Output only the lines that run from the line holding "Una carta que" to the end of the entries, both ends included, and skip the pictures.

─── Dataset extract

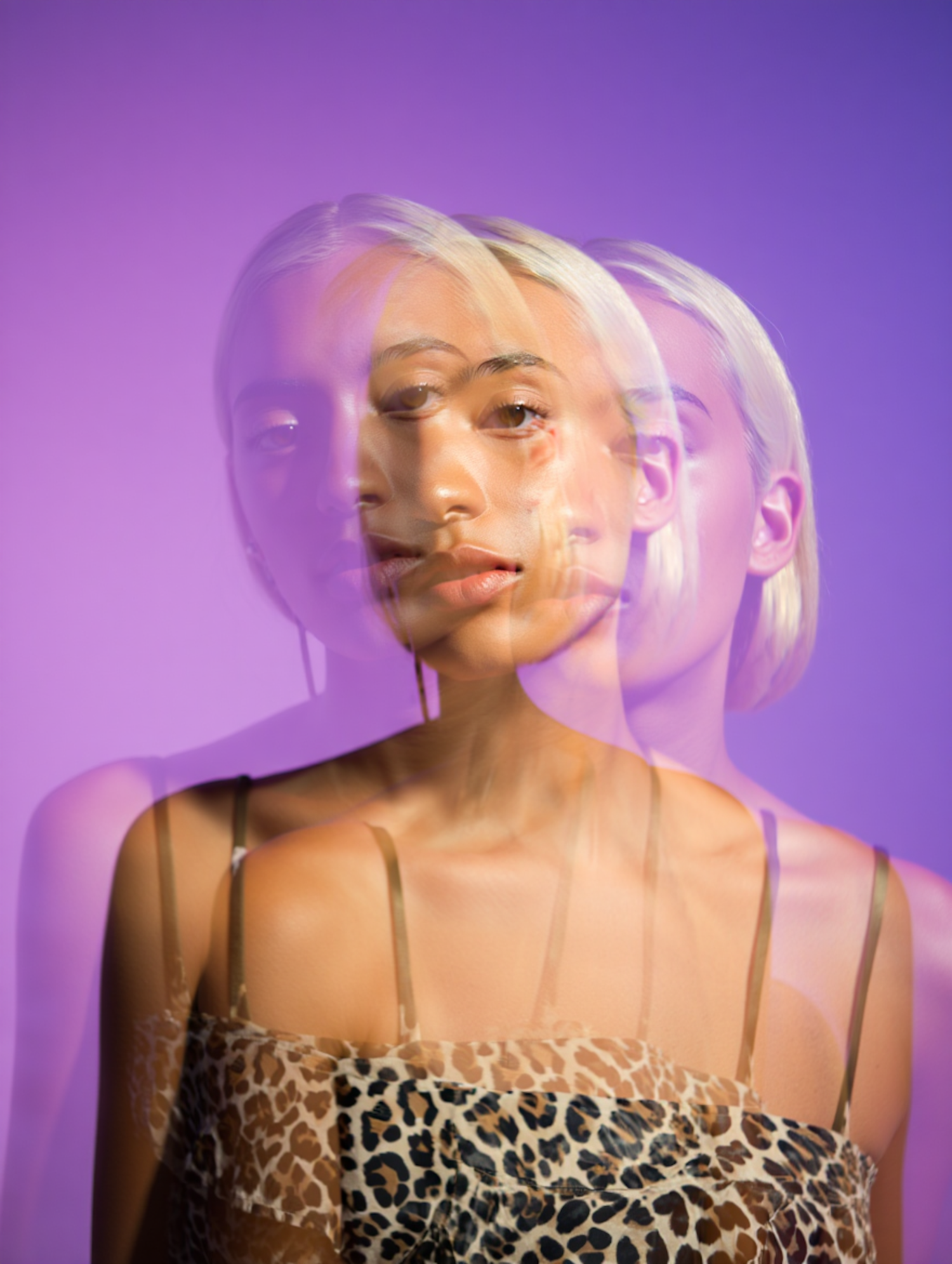 Artistic double-exposure portrait of a woman with platinum blonde hair, leopard-print top, and a purple gradient background.
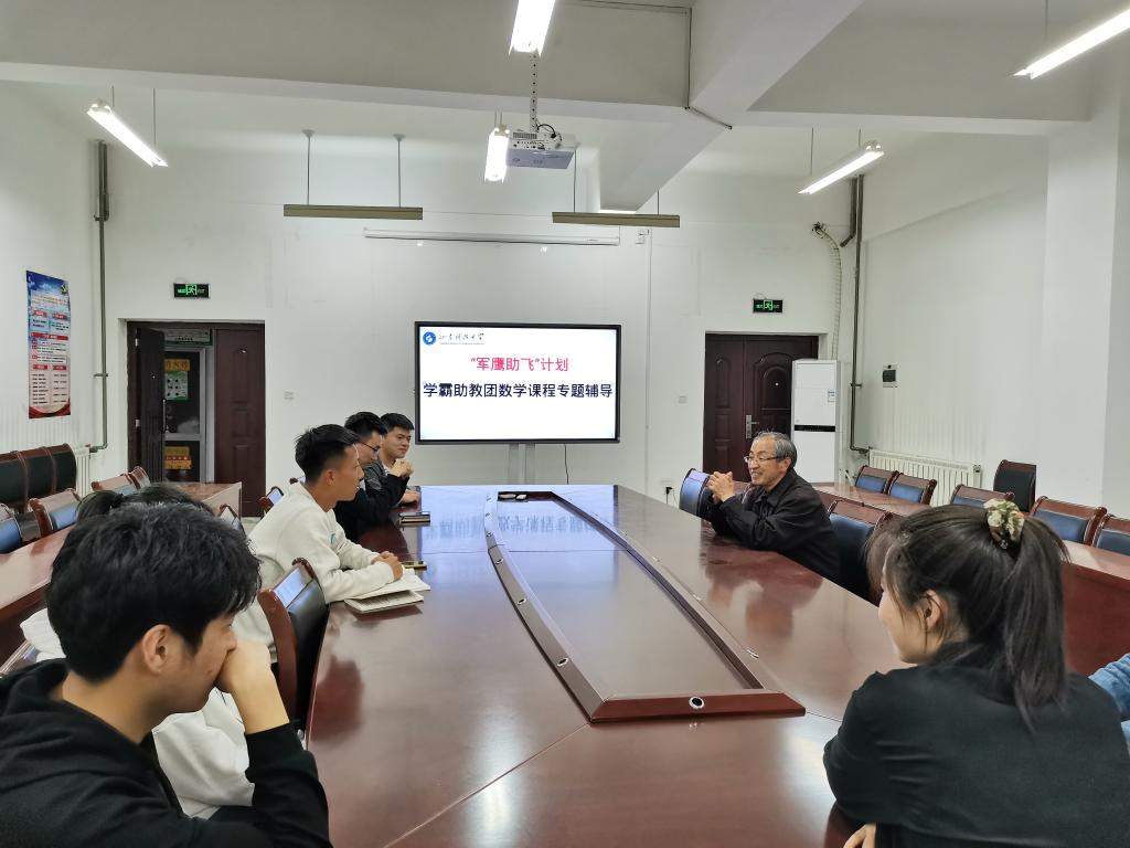 为帮助退役复学学生更好的学习数学课程,5月7日晚,新濠博亚娱乐 在J9-425顺利举办“军鹰助飞”计划学霸助教团专题辅导。山东省教学名师、新濠博亚娱乐 数学教学研究部主任赵文才教授参加辅导活动。
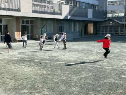 陽射しが降り注いでいます。なわとびに取り組む子どもが増えてきました。
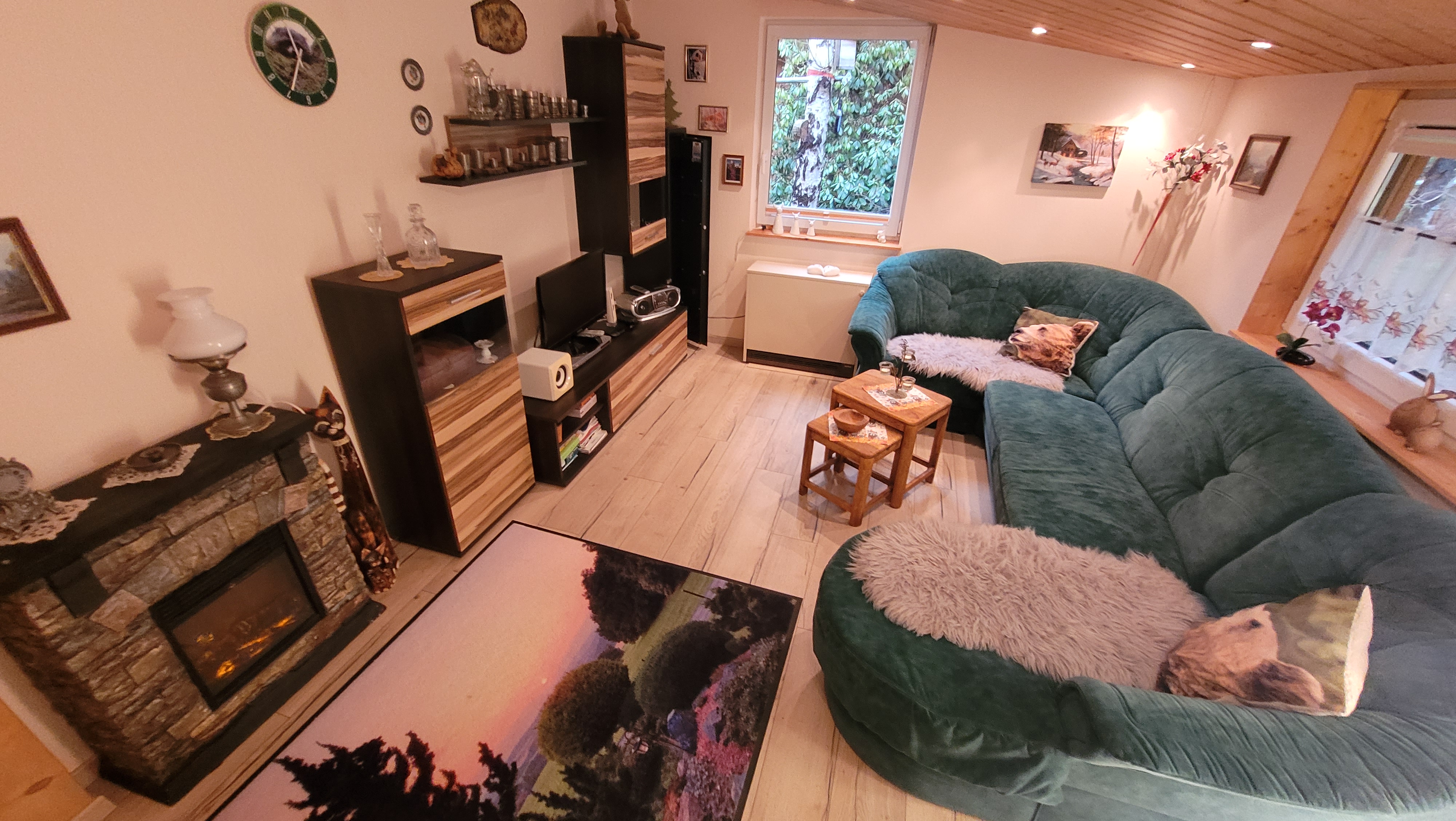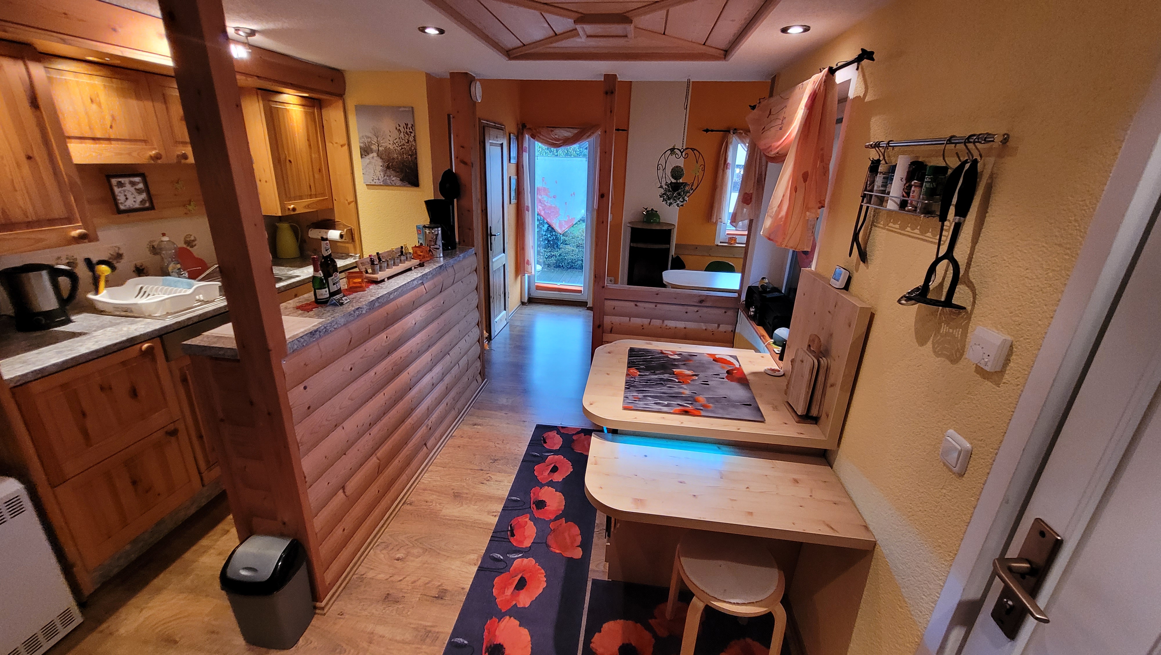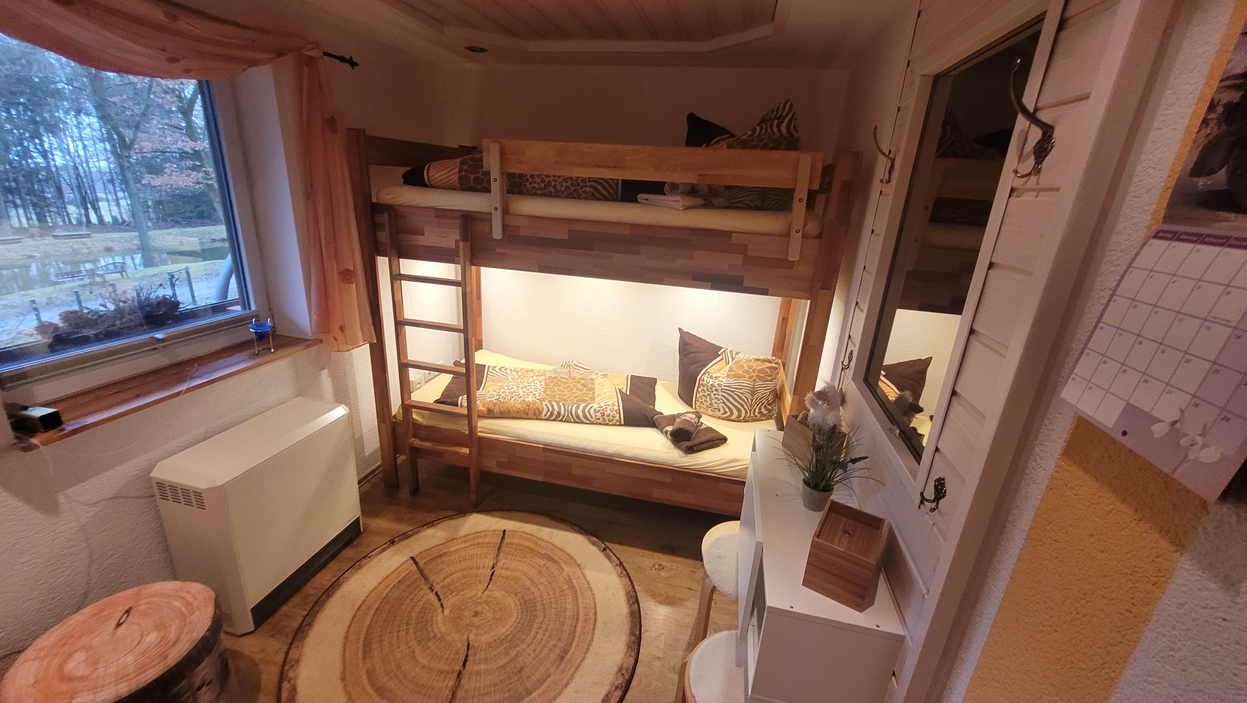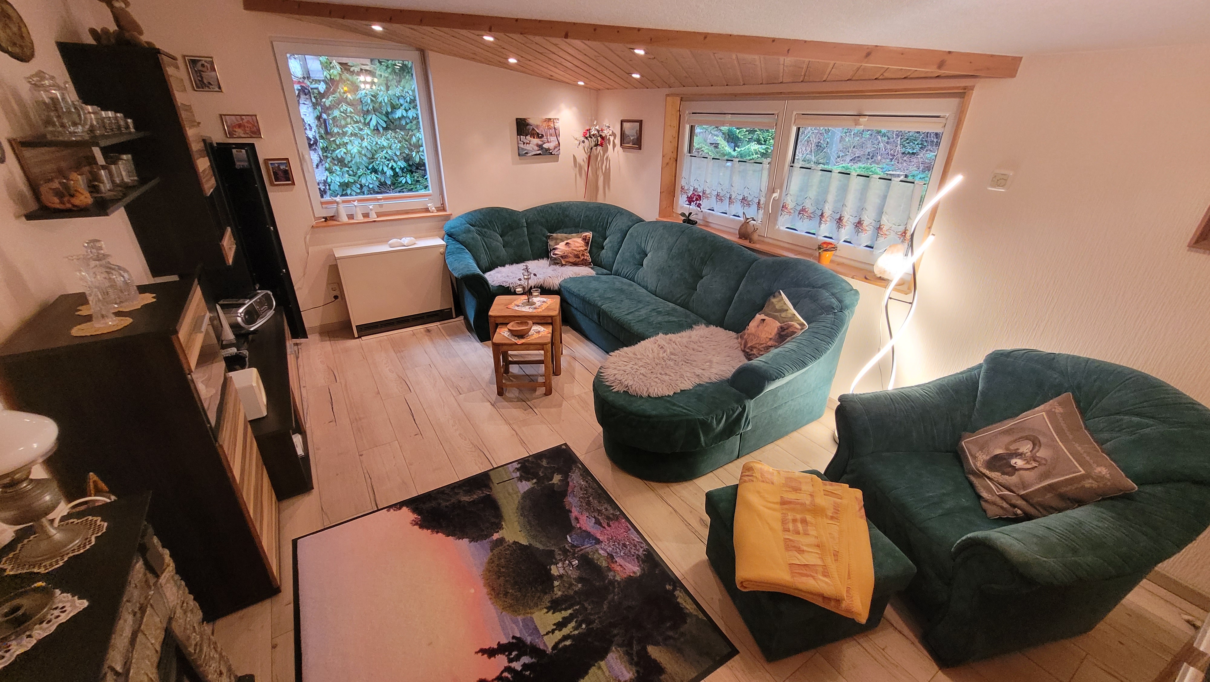 In unseremFerienhaus befinden sich zwei Schlafzimmer, ein Wohnzimmer, ein Bad mit DU und WC, eine Küche, ein kleines Kinderzimmer, ein Eßzimmer und ein Relaxraum mit großem Schlafsofa, Flatscreen und interessanter Lichtgestaltung.
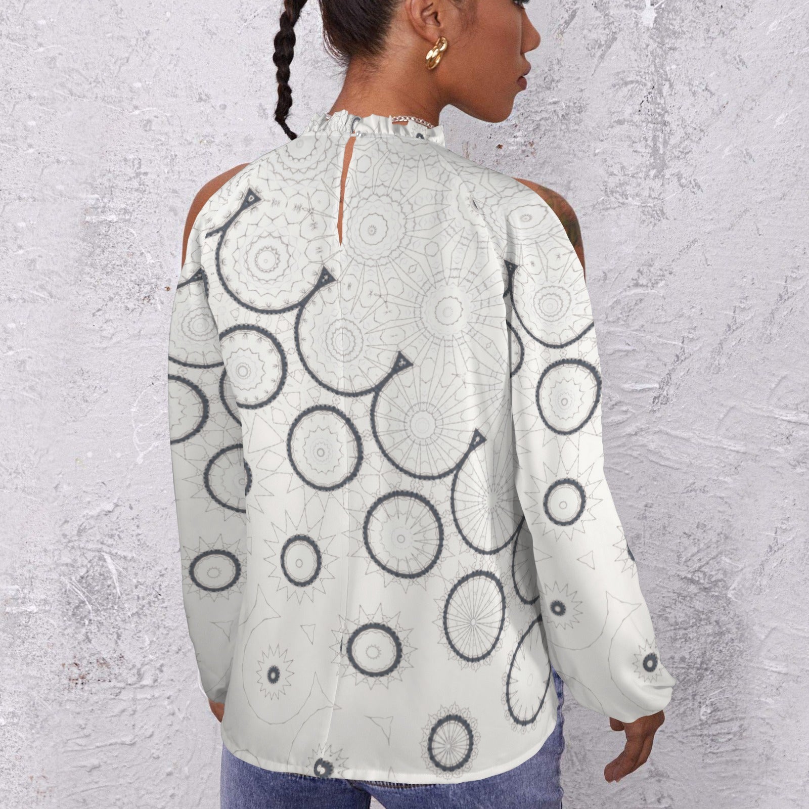 【Accessory Structure】The Lotus Leaf Round Neck Long Sleeve Pleated Off Shoulder Blouse features a round neckline with delicate lotus leaf details, long sleeves for a sophisticated touch, and an off-shoulder design for an elegant, flattering silhouette.
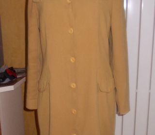 Vends une robe moutarde"un jour ailleurs" fermeture devant par boutonnage - 2 fausses poches + une fausse pochette Très bon état
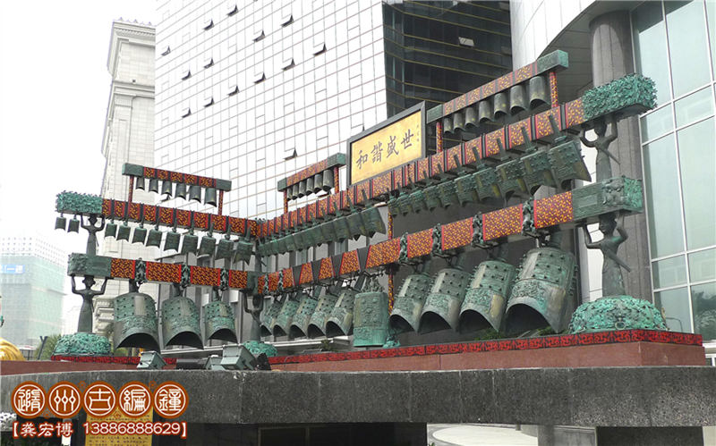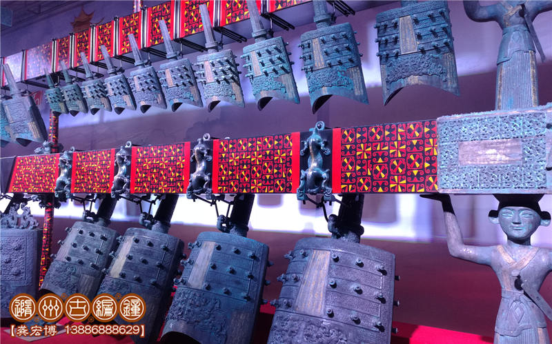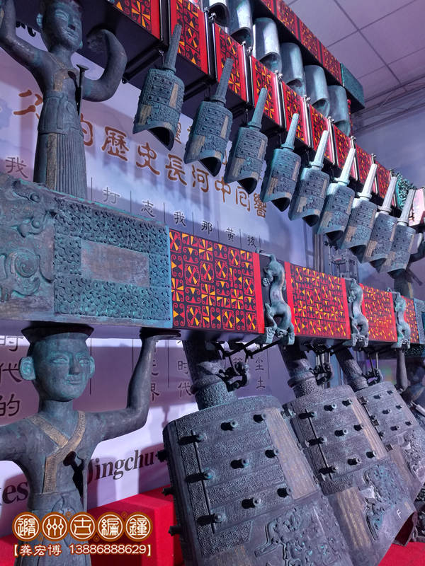 技術(shù)標(biāo)準(zhǔn):鑄件要求紋飾清晰,表面光潔,無(wú)裂、刺、孔、糙等鑄造缺陷;整套編鐘音域5個(gè)八度,一鐘雙音,按國(guó)際標(biāo)準(zhǔn)A=440Hz調(diào)音,音準(zhǔn)控制在±5Hz內(nèi),音色統(tǒng)一協(xié)調(diào),無(wú)雜、啞音響。其中下層13件為倍低音甬鐘,在演奏中起到烘托氣氛的作用,中層33件為中音域甬鐘,十二半音齊備,主要用于演奏主旋律,上層19件為被高音鐘和補(bǔ)音鐘,也是重要的半音和補(bǔ)充被高音音域,3組設(shè)計(jì)可以用于演奏復(fù)試旋律。其結(jié)構(gòu)、配件、銘文等全部按照曾侯乙編鐘樣式仿制。
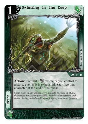 Una carta que yo creo que está mal diseñada. Esta asigna un personaje Miskatonic a una historia.. y no indica el "si puede" o "ha de estar activado". Así que se asigna incluso estando agotado.
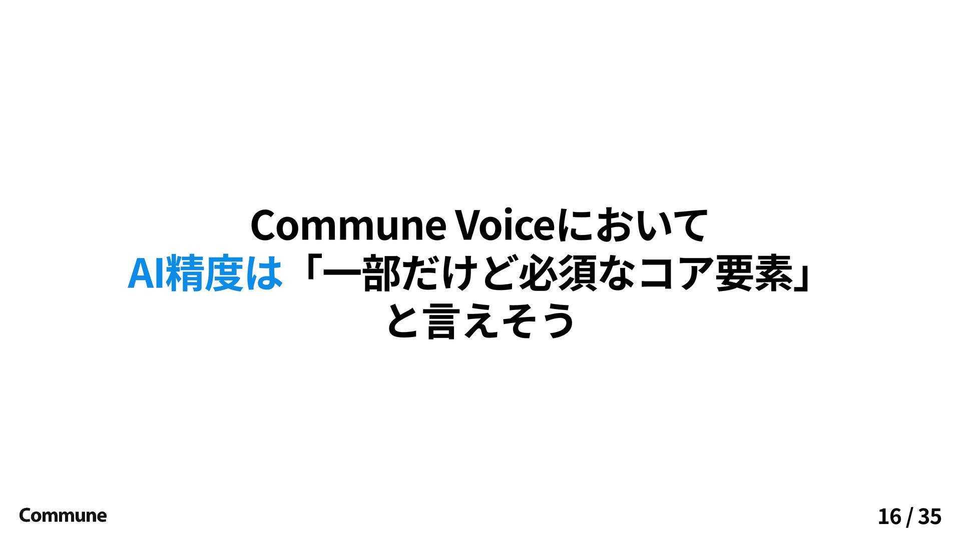 Commune Voiceにおいて 「一部だけど必須なコア要素」 と言えそう AI精度は 16 / 35

──────

Answer box =
 Una carta que yo creo que está mal diseñada. Esta asigna un personaje Miskatonic a una historia.. y no indica el "si puede" o "ha de estar activado". Así que se asigna incluso estando agotado.
 Commune Voiceにおいて 「一部だけど必須なコア要素」 と言えそう AI精度は 16 / 35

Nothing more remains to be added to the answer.